- TASK -
Look below for the line that has "Véronique Basile Hébert"; output exactly from it through the line that has "航空機関連産業は今後20年で", and leave the pictures out.

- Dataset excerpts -
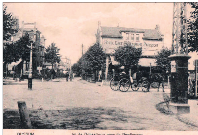
■ Hotel Parkzicht.
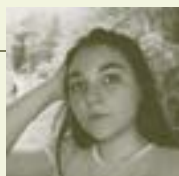
JASMYNE BASILE HÉBERT

Véronique Basile Hébert est une femme de théâtre atikamekw de la communauté de Wemotaci. Doctorante en études et pratiques des arts à l'UQAM, elle détient un baccalauréat en théâtre de l'Université d'Ottawa ainsi qu'une maîtrise en dramaturgie. Participante du programme de théâtre autochtone de l'École nationale de théâtre du Canada, Véronique a également été élève et assistante de la compagnie de théâtre L'École sauvage. Elle a été l'une des créatrices du théâtre de rue du Festival Présence autochtone de Montréal. Elle produit des œuvres dans les communautés autochtones et a collaboré aussi avec diverses compagnies de théâtre. Son théâtre est engagé, près de ses préoccupations d'autochtone, de femme et d'artiste.
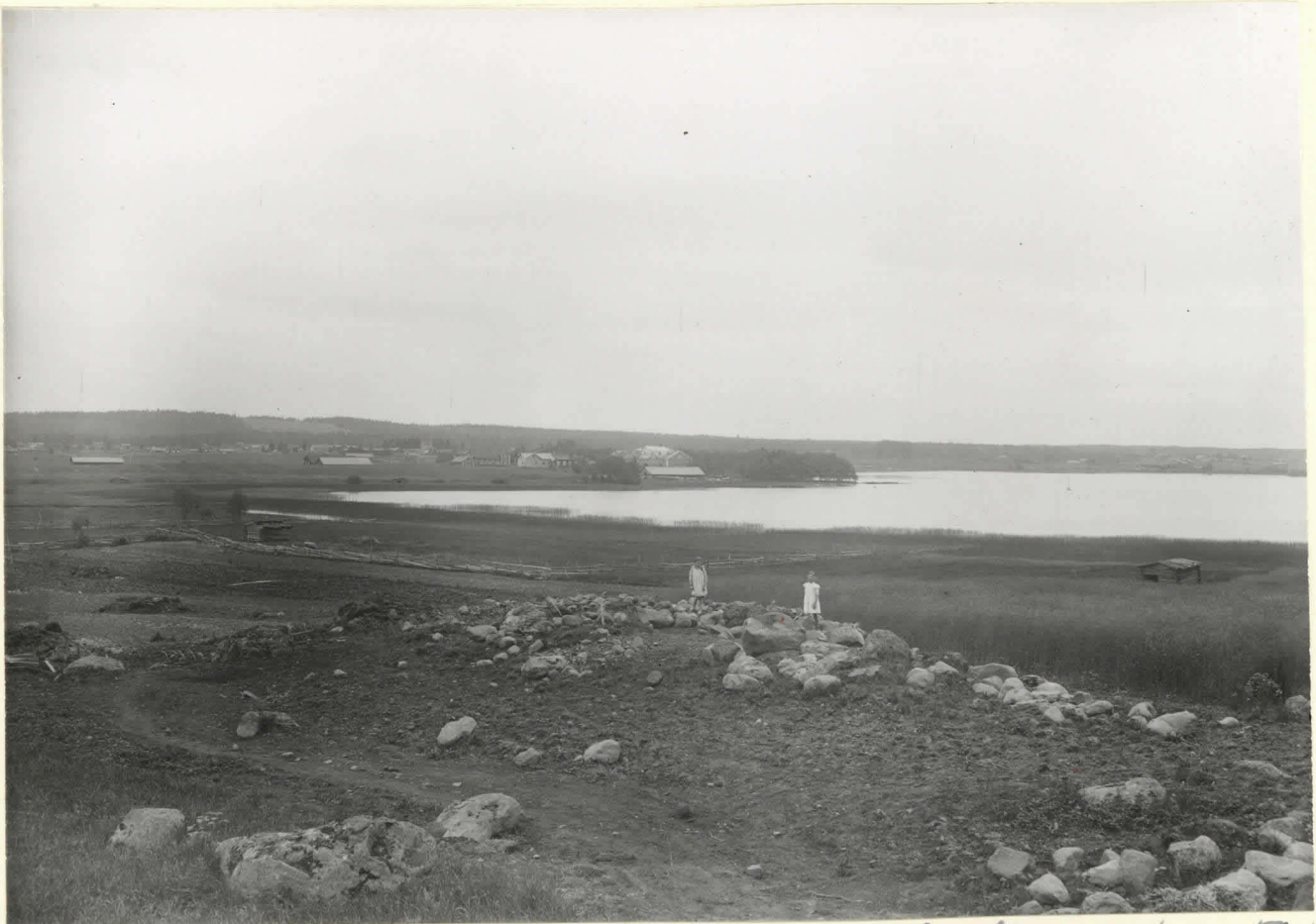
Rautala. v. 1918 tutkittu kiviroukhis talon luv. 5253. riihen luota.
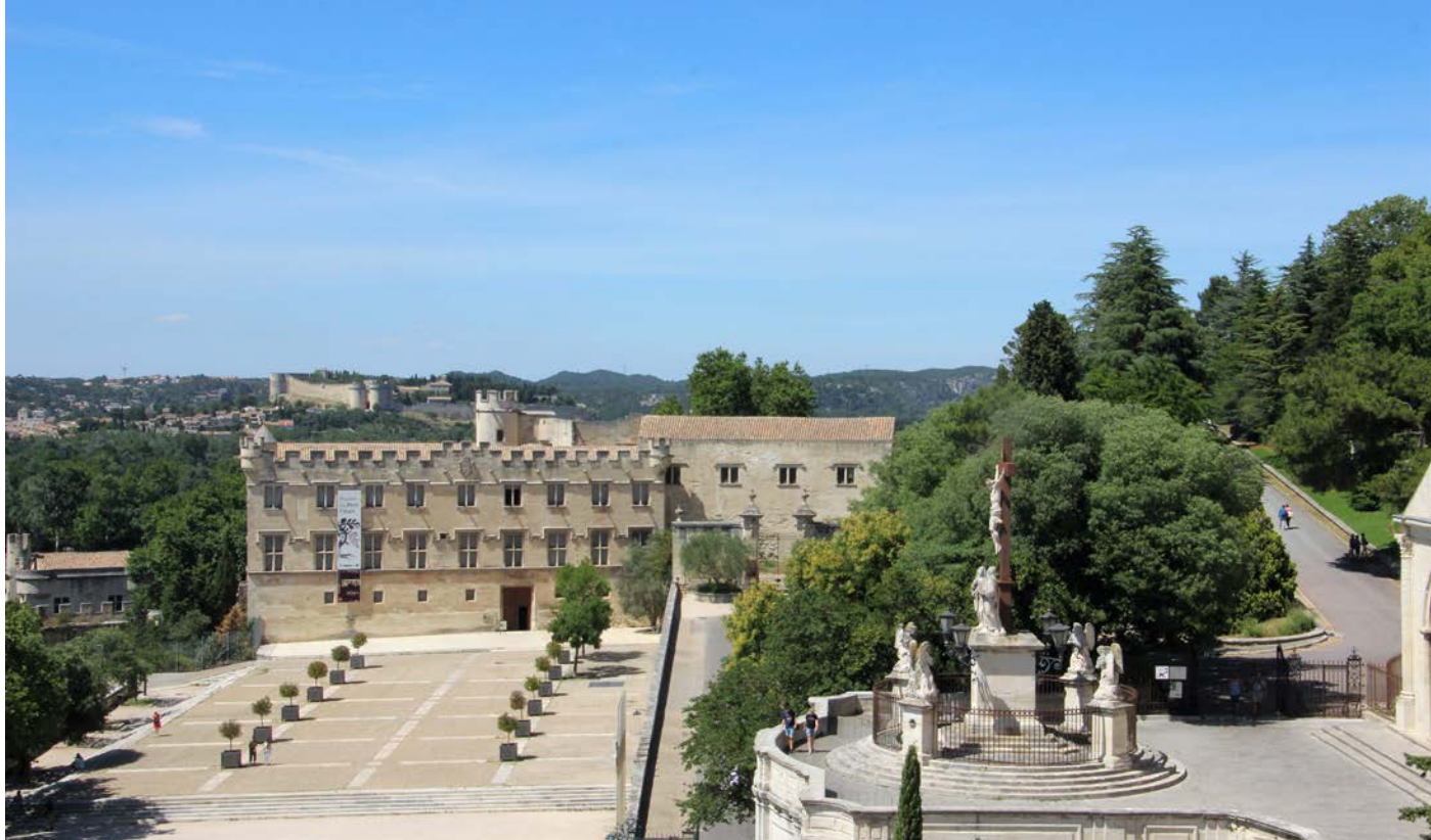
Livrée cardinalice du «Petit Palais»
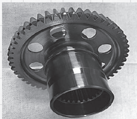
エンジン関連部品

航空機関連産業は今後20年で市場が倍増すると予測される成長市場。今後もエンジン周り部品の受注を増やすべく、着々と準備を進めています。その一つが人材の育成。現在はベトナム人の技能実習生を積極的に採用しており、重工メーカーのOB5人を雇用し、技術を継承する機会を設けています。また、受注できる部品の幅を広げるべく、自社でできない加工、工程を補うためのネットワークづくりも進めていく予定です。今年に入ってからマレーシアまで出向き、外資系エンジンメーカーにも営業に出向きました。いずれは海外での生産拠点開設も視野に入れる大長社長。町工場の夢は大きく広がっています。
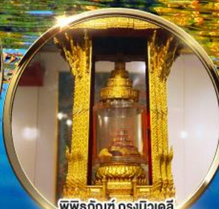
พิพิธภัณฑ์ กรุงนิวเดลี ถرابนัมัสการพระบรมสารีริกธาตุ
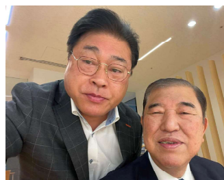
議員宿舎の食堂で記念撮影です

石破茂内閣総理大臣との太いパイプを活かして、会津、県南地域の課題解決に向けて全力で取り組んで参ります!!
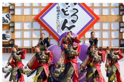
おどろんや 紀州よさこい祭り
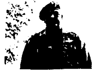
ብ/ጀ ጌታቸው ፡ ፍደው የኢርትራ ስለተደደሪና የጠረ የበሳይ ሸዛኑ

ሁኔታውም የተፈጸመው ሐምሌ 1968 ዓ ም ሲሆን ስለጄነራሉ መገደል ግን የተገለጸው በሌሎች አባሎች ላይ ግድያ በተፈጸመበት ከ8 ቀን በኋላ ነው። ይህም የተደረገው በፍርድ የተገደሉ ለማስመሰል የነበረ መከራ ነው። እነ ዳንኤል ብዙ የሠራዊቱ አባሎችንና ንጹህ ሰዎችን በእንደት ያለ ዘዴ ይገድሉ እንደነበር ከሞላ ጉደል ለመግለጽ ተሞክሯል። የጄነራሉ አገደል በብዙ ሰዎች ዘንድ አጠያያቂ ሆኖ የቶቸውን በጭር ለማስረዳት እንደሚረዳ እምናለሁ።
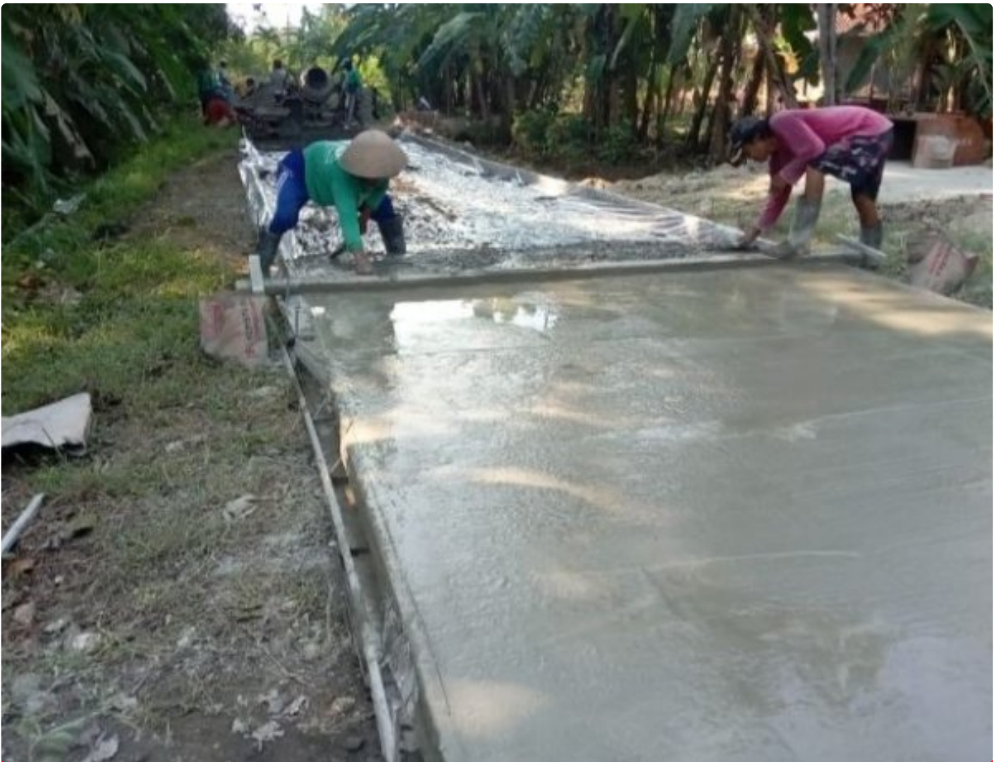
Pembangunan insfrastruktur Jalan Rabat Beton di Desa Rejamulya

REJAMULYA - Pemerintah Desa Rejamulya, Kecamatan Kedungreja, Kabupaten Cilacap melaksanakan Pembangunan Rabat Beton Jalan Lingkungan di Dusun

- ANSWER TO THIS EXERCISE -
Véronique Basile Hébert est une femme de théâtre atikamekw de la communauté de Wemotaci. Doctorante en études et pratiques des arts à l'UQAM, elle détient un baccalauréat en théâtre de l'Université d'Ottawa ainsi qu'une maîtrise en dramaturgie. Participante du programme de théâtre autochtone de l'École nationale de théâtre du Canada, Véronique a également été élève et assistante de la compagnie de théâtre L'École sauvage. Elle a été l'une des créatrices du théâtre de rue du Festival Présence autochtone de Montréal. Elle produit des œuvres dans les communautés autochtones et a collaboré aussi avec diverses compagnies de théâtre. Son théâtre est engagé, près de ses préoccupations d'autochtone, de femme et d'artiste.
Rautala. v. 1918 tutkittu kiviroukhis talon luv. 5253. riihen luota.
Livrée cardinalice du «Petit Palais»
エンジン関連部品

航空機関連産業は今後20年で市場が倍増すると予測される成長市場。今後もエンジン周り部品の受注を増やすべく、着々と準備を進めています。その一つが人材の育成。現在はベトナム人の技能実習生を積極的に採用しており、重工メーカーのOB5人を雇用し、技術を継承する機会を設けています。また、受注できる部品の幅を広げるべく、自社でできない加工、工程を補うためのネットワークづくりも進めていく予定です。今年に入ってからマレーシアまで出向き、外資系エンジンメーカーにも営業に出向きました。いずれは海外での生産拠点開設も視野に入れる大長社長。町工場の夢は大きく広がっています。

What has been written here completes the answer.